___ Data provided ___
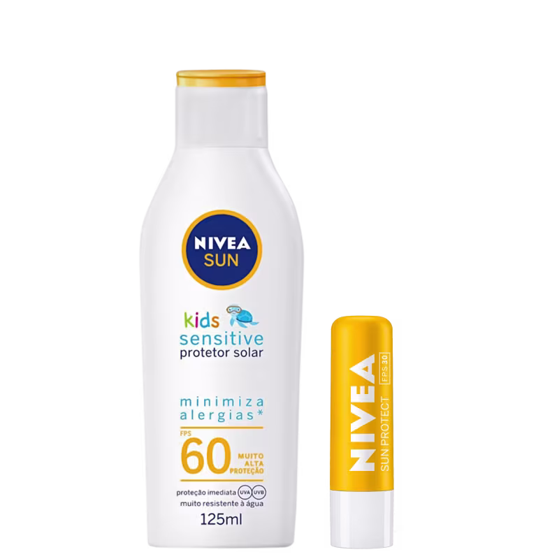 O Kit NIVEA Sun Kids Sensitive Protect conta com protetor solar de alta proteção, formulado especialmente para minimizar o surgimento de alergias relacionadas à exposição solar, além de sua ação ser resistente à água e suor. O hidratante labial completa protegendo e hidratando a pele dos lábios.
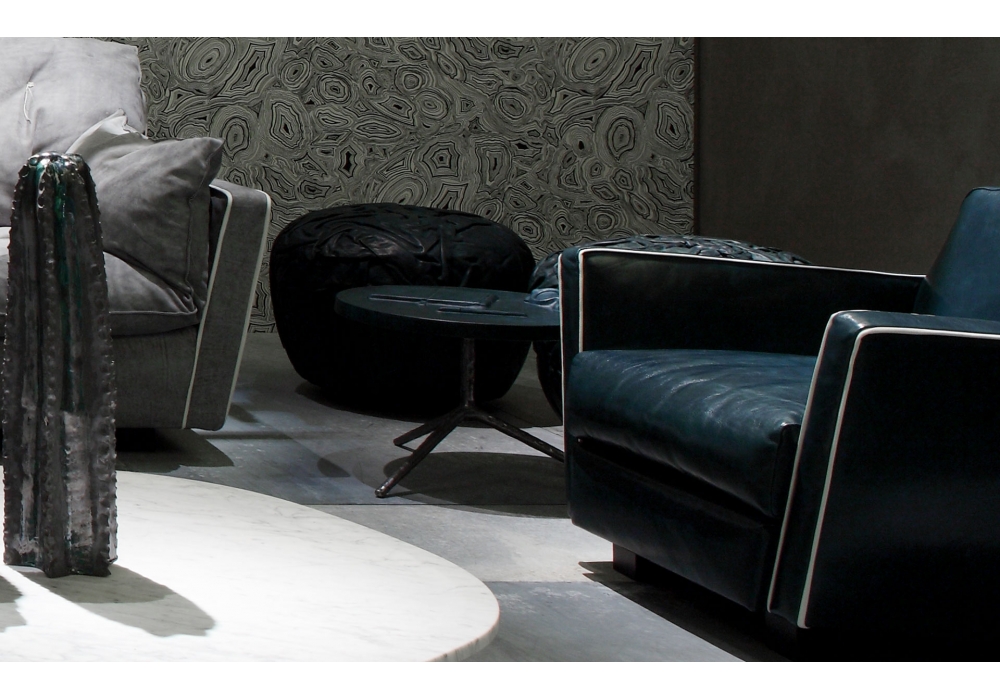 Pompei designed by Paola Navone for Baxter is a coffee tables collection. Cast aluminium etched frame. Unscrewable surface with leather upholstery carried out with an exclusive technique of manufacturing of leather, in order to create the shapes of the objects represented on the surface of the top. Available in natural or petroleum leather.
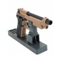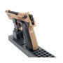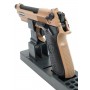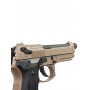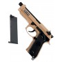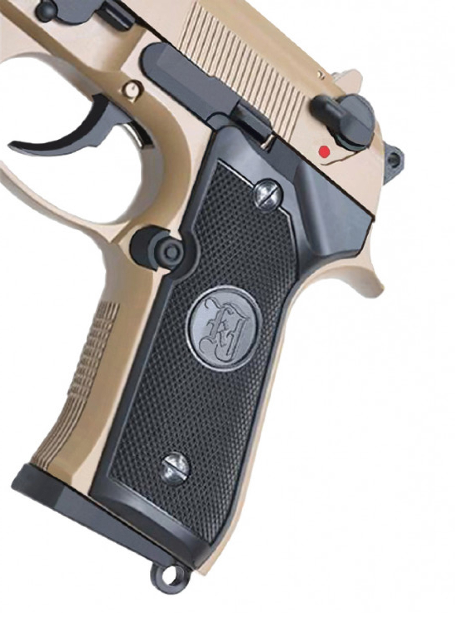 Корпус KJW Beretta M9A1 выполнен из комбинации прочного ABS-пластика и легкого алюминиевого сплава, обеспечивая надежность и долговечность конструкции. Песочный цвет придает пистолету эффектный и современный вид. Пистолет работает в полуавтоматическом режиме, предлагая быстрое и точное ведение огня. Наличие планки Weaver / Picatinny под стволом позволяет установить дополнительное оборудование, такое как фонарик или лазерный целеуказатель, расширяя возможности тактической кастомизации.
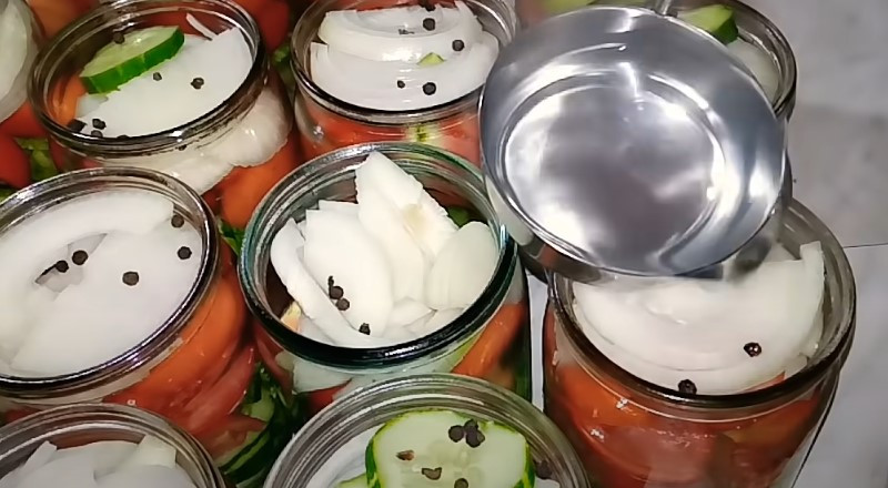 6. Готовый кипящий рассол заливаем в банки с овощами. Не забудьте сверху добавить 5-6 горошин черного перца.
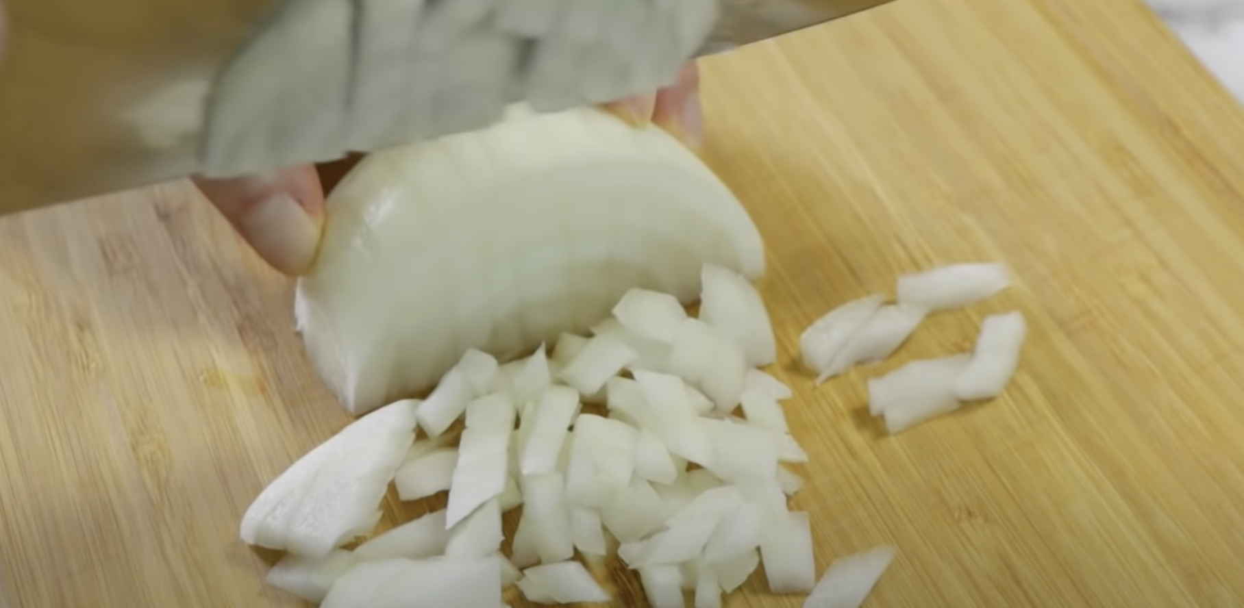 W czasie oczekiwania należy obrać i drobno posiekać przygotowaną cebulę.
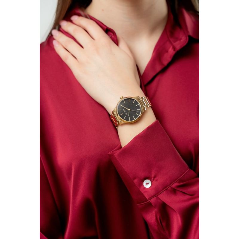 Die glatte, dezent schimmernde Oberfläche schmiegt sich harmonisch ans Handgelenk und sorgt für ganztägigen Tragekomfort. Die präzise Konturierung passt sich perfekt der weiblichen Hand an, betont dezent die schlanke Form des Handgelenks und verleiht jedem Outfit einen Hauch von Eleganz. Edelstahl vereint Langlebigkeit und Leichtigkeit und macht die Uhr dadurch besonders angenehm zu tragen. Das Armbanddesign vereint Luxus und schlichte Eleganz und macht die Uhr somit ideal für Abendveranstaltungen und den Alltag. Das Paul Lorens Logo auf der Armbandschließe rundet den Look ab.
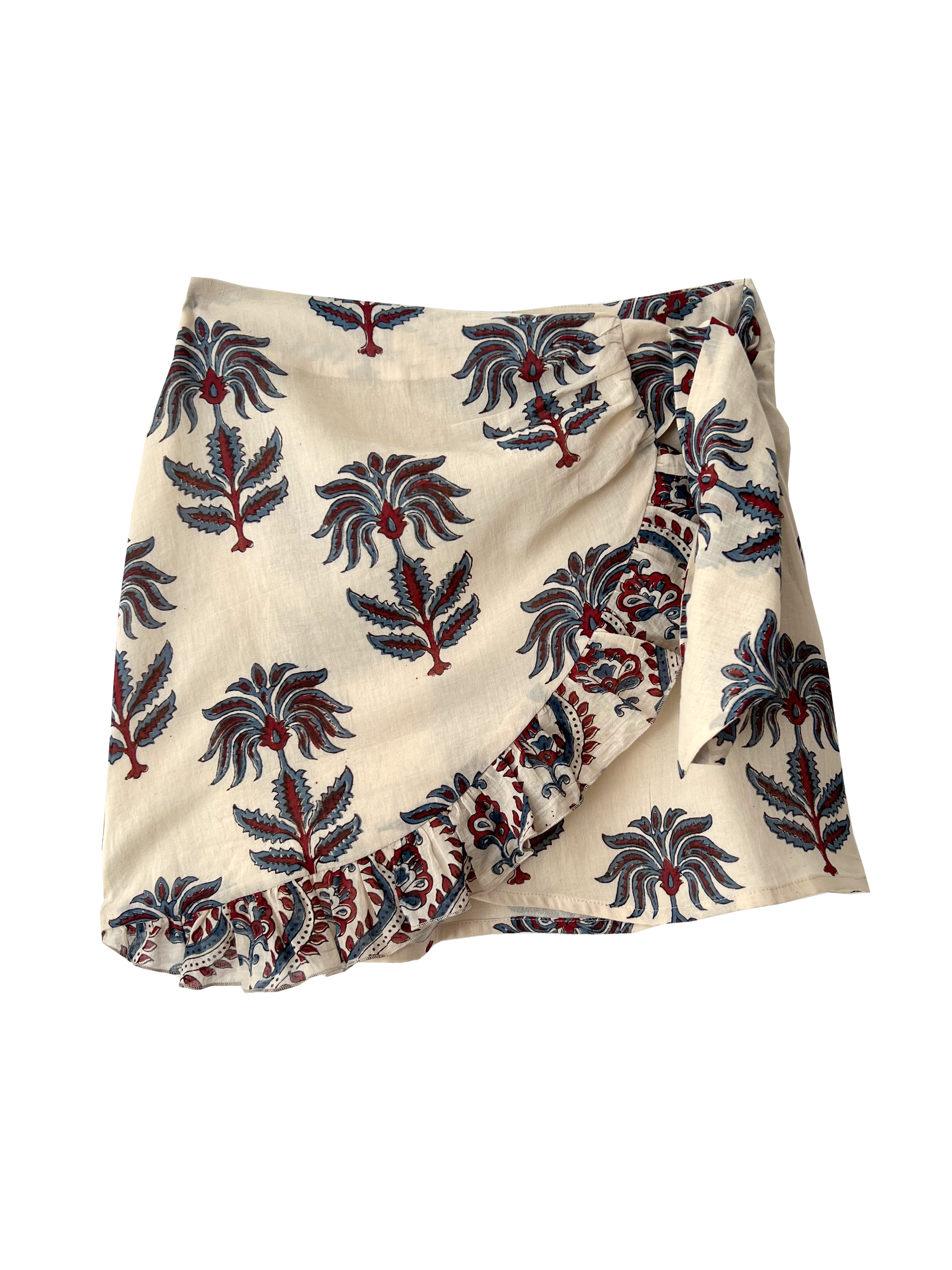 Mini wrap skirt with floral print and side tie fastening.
___
___ Data provided ___
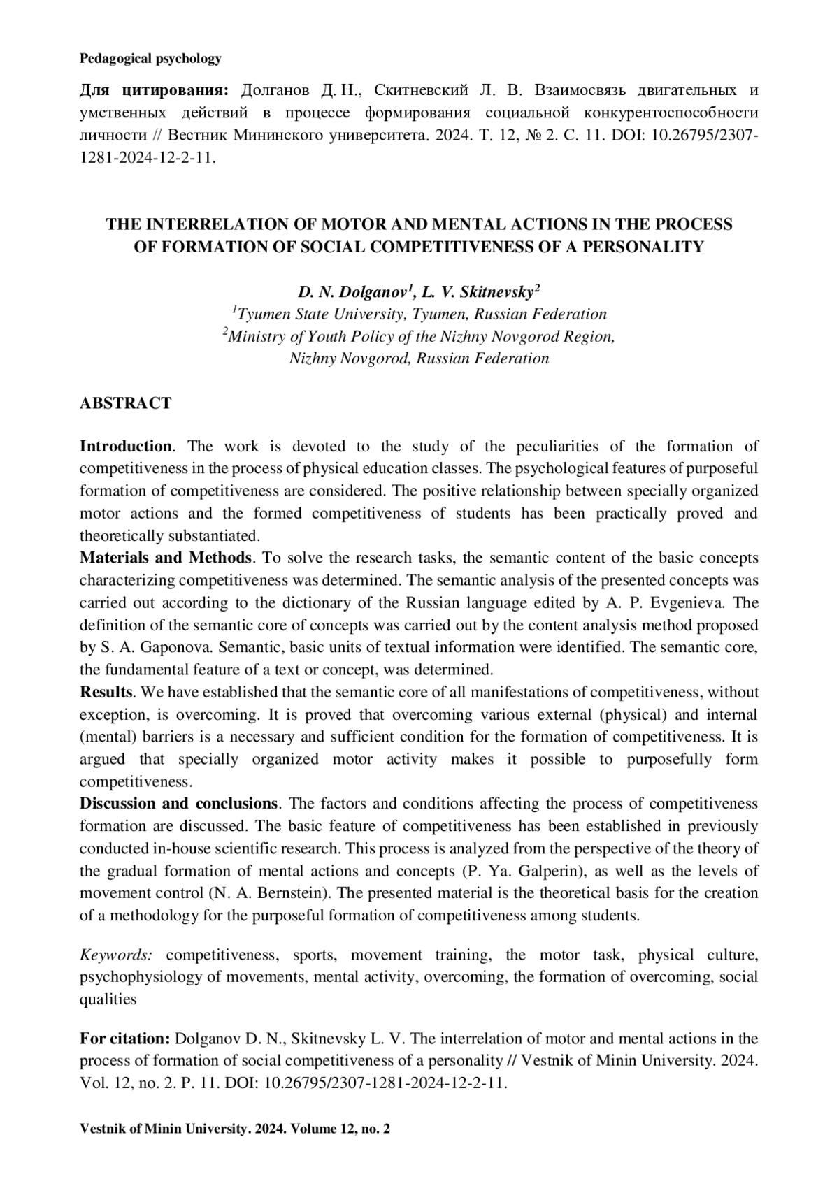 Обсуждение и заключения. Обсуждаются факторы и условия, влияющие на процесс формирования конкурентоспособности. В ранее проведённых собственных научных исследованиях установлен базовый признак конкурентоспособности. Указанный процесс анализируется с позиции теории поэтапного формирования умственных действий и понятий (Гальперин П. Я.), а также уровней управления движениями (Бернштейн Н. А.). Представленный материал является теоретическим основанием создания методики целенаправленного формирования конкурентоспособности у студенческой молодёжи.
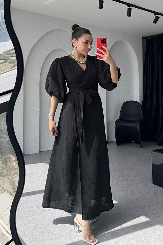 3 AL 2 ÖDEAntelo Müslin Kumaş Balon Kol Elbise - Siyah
___
Task requirements — For the data above, set down exactly the lines from the line with "Die glatte, dezent" to the line with "Mini wrap skirt", both included, leaving pictures out.

Answer to the exercise —
 Die glatte, dezent schimmernde Oberfläche schmiegt sich harmonisch ans Handgelenk und sorgt für ganztägigen Tragekomfort. Die präzise Konturierung passt sich perfekt der weiblichen Hand an, betont dezent die schlanke Form des Handgelenks und verleiht jedem Outfit einen Hauch von Eleganz. Edelstahl vereint Langlebigkeit und Leichtigkeit und macht die Uhr dadurch besonders angenehm zu tragen. Das Armbanddesign vereint Luxus und schlichte Eleganz und macht die Uhr somit ideal für Abendveranstaltungen und den Alltag. Das Paul Lorens Logo auf der Armbandschließe rundet den Look ab.
 Mini wrap skirt with floral print and side tie fastening.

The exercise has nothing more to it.